A \(0.4 \mathrm{~kg}\) stone is thrown horizontally at a speed of \(20 \mathrm{~m} / \mathrm{s}\) from a \(40-\mathrm{m}\) -tall building. (a) Determine the \(x\) and \(y\) components of the stone's momentum the moment after it is thrown. (b) What are the components of its momentum just before it hits the ground? What impulse did gravity impart to the stone?

Short Answer

Expert verified
(a) \( p_x = 8 \text{ kg m/s} \), \( p_y = 0 \text{ kg m/s} \). (b) \( p_x = 8 \text{ kg m/s} \), \( p_y = 11.2 \text{ kg m/s} \). Impulse: \( 11.2 \text{ kg m/s} \).

Step by step solution

01

Determine the Initial Horizontal Momentum

The momentum of an object is given by the formula \( p = mv \), where \( m \) is the mass and \( v \) is the velocity.

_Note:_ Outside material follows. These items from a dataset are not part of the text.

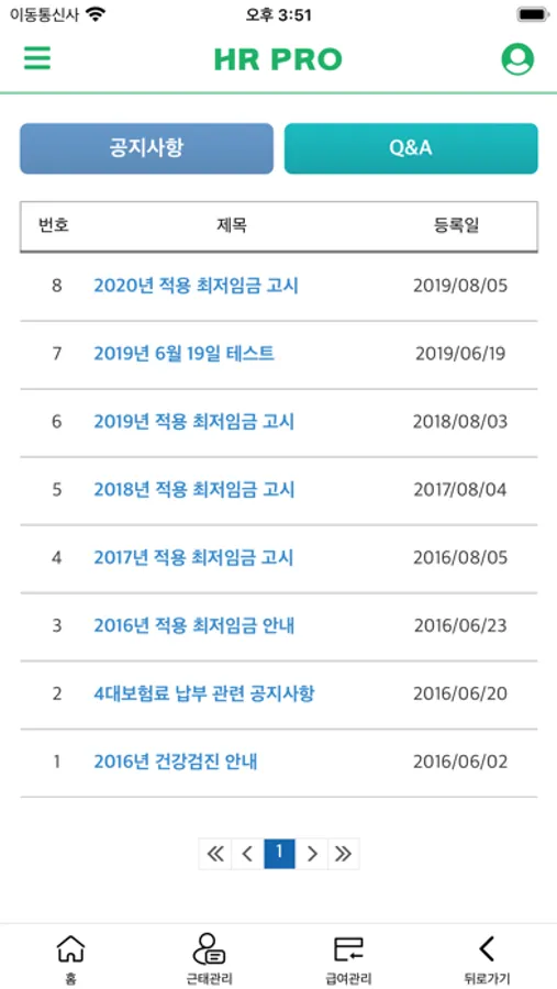 - 각종 공지사항 및 인사노무관련 지식 등 확인
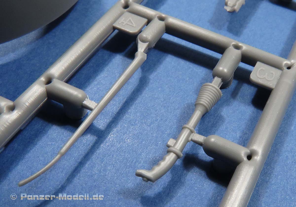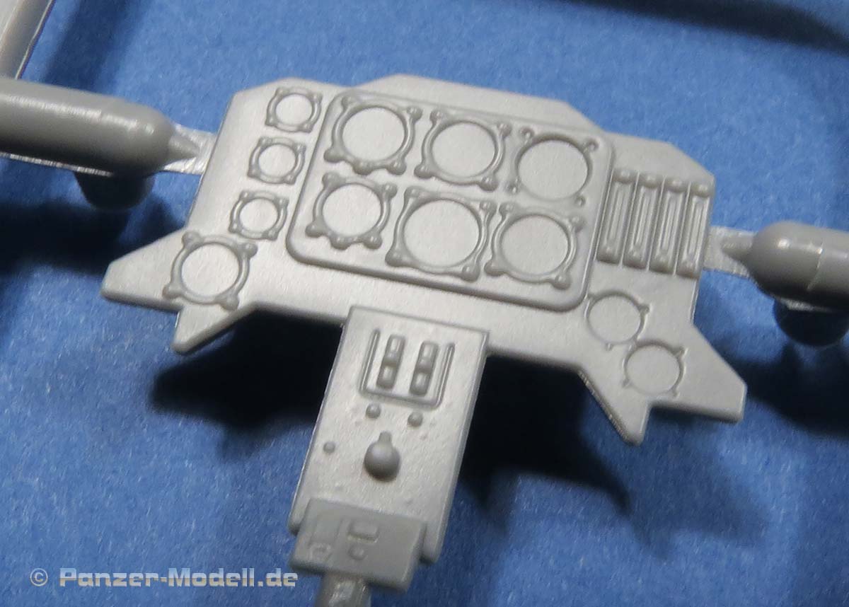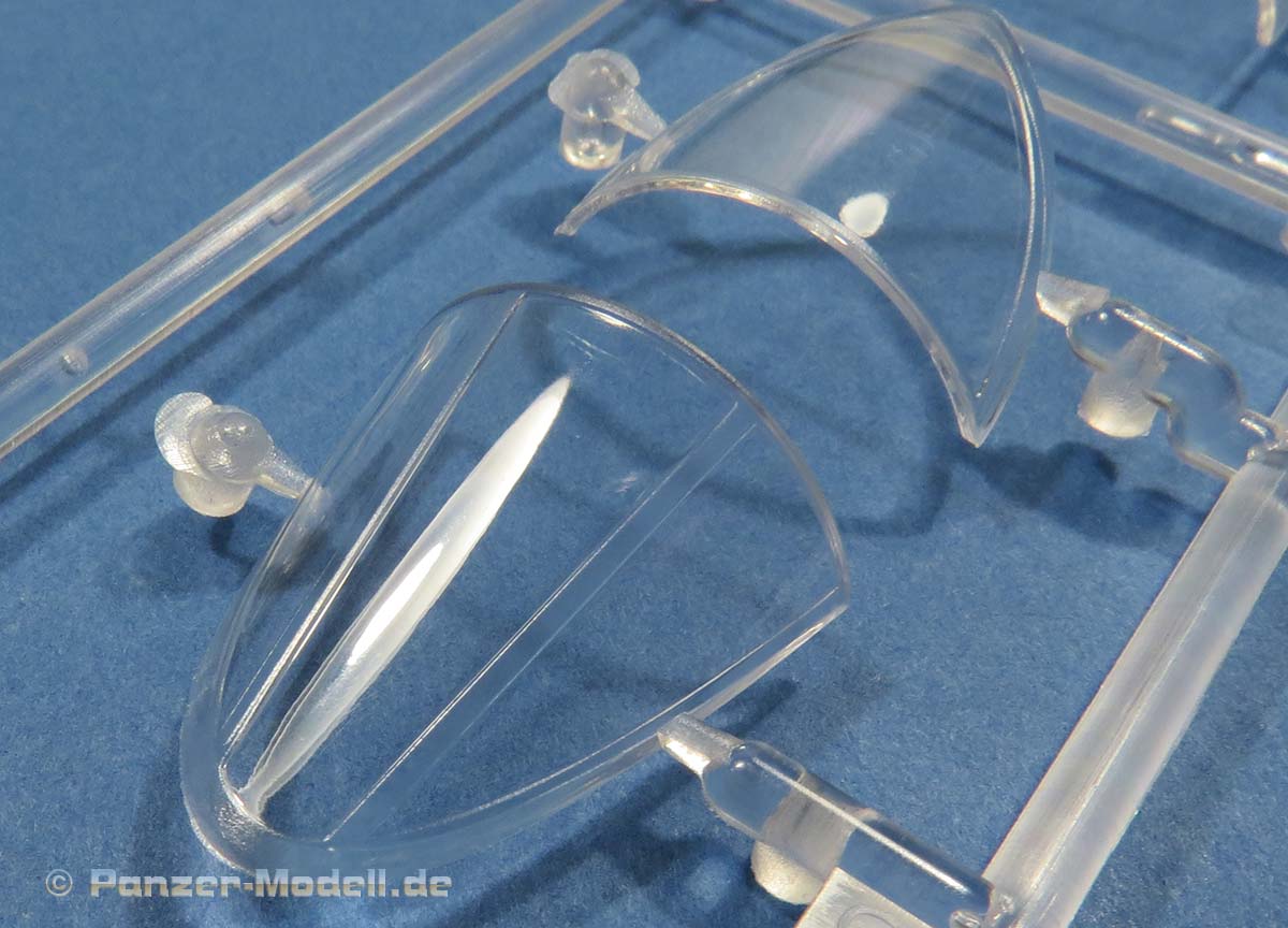 Das Cockpit ist ebenfalls enthalten, das natürlich unter den glasklaren Kanzelteilen deutlich sichtbar ist und daher auch recht ordentlich detailliert ist mit vielen filigranen Teilen und sogar PE Teilen für die Gurte.
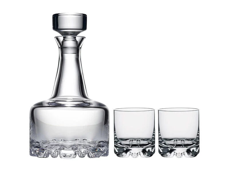 Set includes: 26. 4 oz. Decanter with Stopper and 2 12 oz. Double Old Fashion/OTR Glasses
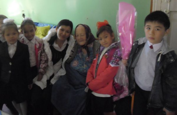 7 «ә»сынып оқушылары Ұлы Отан соғысының тыл ардагері Раиса Ивановнаны Жеңіс мерекесімен құттықтады.
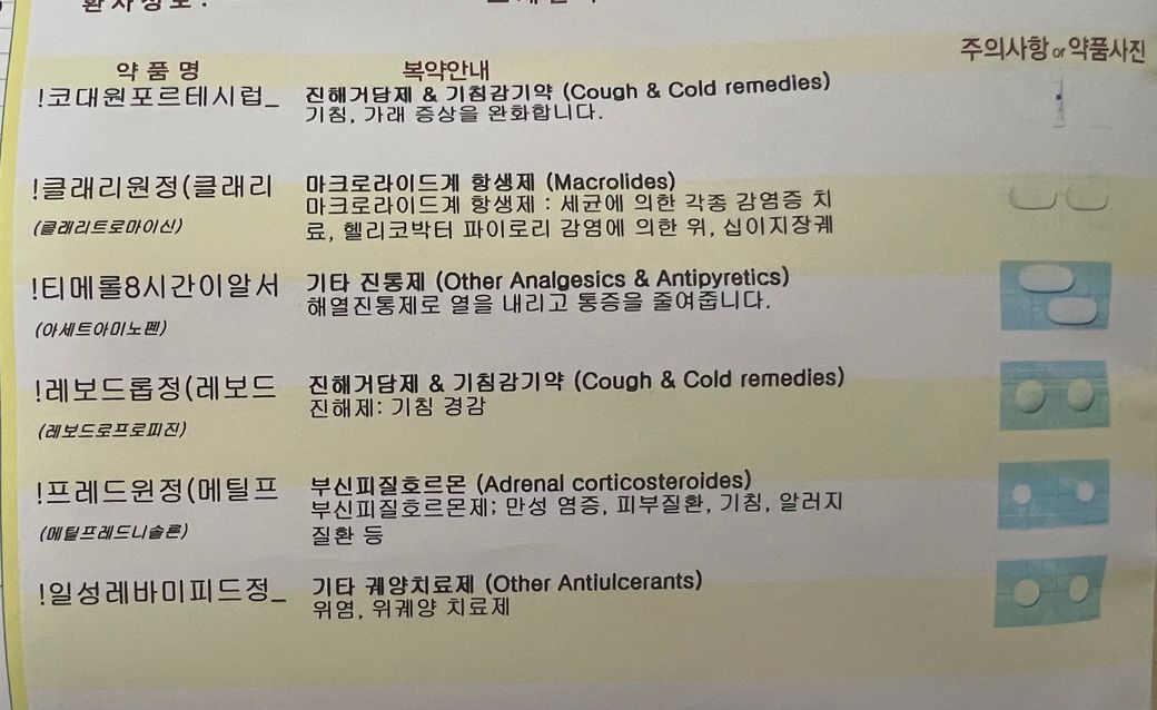 심한 목감기와 몸살로 금요일에 병원에서 처방받은 약인데요. 약만 복용하면 심장 두근거림이 느껴지고 맥박도 너무 빠르고 마치 각성상태가 된거마냥 밤에 잠도 안오고 잠들어도 금방 깹니다ㅠㅠ 몸살 증세는 완화됐는데 기침이 아직 많이 심해서 금요일,토요일치 약은 다 복용했어요..
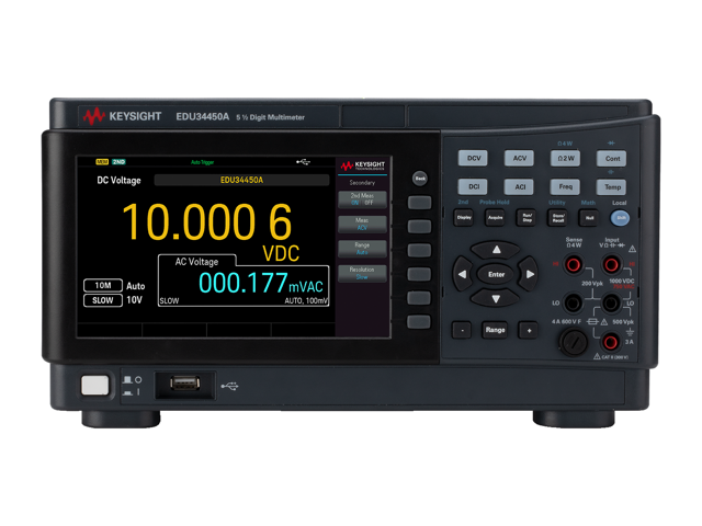 El multímetro digital Keysight EDU34450A tiene una resolución de 5 dígitos y medio, una precisión básica de 0.015% para voltaje CC y hasta 100 lecturas por segundo. El dispositivo, a pesar de su tamaño compacto, está equipado con una gran pantalla de dos colores de 7 pulgadas. El software PathWave BenchVue permite el control remoto del dispositivo y el registro de hasta 5,000 puntos de datos. Otras características de este producto son:

For the horizontal component (x-component), \( v_x = 20 \text{ m/s} \). Thus, the initial momentum in the x-direction is \( p_x = 0.4 \text{ kg} \times 20 \text{ m/s} = 8 \text{ kg m/s} \).
02

Determine the Initial Vertical Momentum

When the stone is first thrown, it has no vertical motion because it is thrown horizontally. Therefore, the initial momentum in the y-direction, \( p_y = 0 \).
03

Calculate Time to Hit the Ground

Using the formula for free fall, \( h = \frac{1}{2}gt^2 \), where \( h = 40 \text{ m} \) and \( g = 9.8 \text{ m/s}^2 \), we solve for \( t \): \[ 40 = \frac{1}{2} \times 9.8 \times t^2 \Rightarrow t = \sqrt{\frac{80}{9.8}} \approx 2.857 \text{ s}. \]
04

Determine the Final Vertical Velocity

To find the speed just before hitting the ground, we use the formula \( v_y = gt \). Thus, \( v_y = 9.8 \times 2.857 \approx 28.00 \text{ m/s} \).
05

Calculate Final Momentum Components

At the moment just before impact, the horizontal component of velocity remains constant: \( v_x = 20 \text{ m/s} \). So, \( p_x = 0.4 \text{ kg} \times 20 \text{ m/s} = 8 \text{ kg m/s} \). The vertical component of momentum is \( p_y = 0.4 \text{ kg} \times 28.00 \text{ m/s} = 11.2 \text{ kg m/s} \).
06

Calculate the Impulse Imparted by Gravity

Impulse is the change in momentum. The initial vertical momentum was 0 and just before impact, it became \( 11.2 \text{ kg m/s} \). Thus, the impulse imparted by gravity is \( 11.2 \text{ kg m/s} \).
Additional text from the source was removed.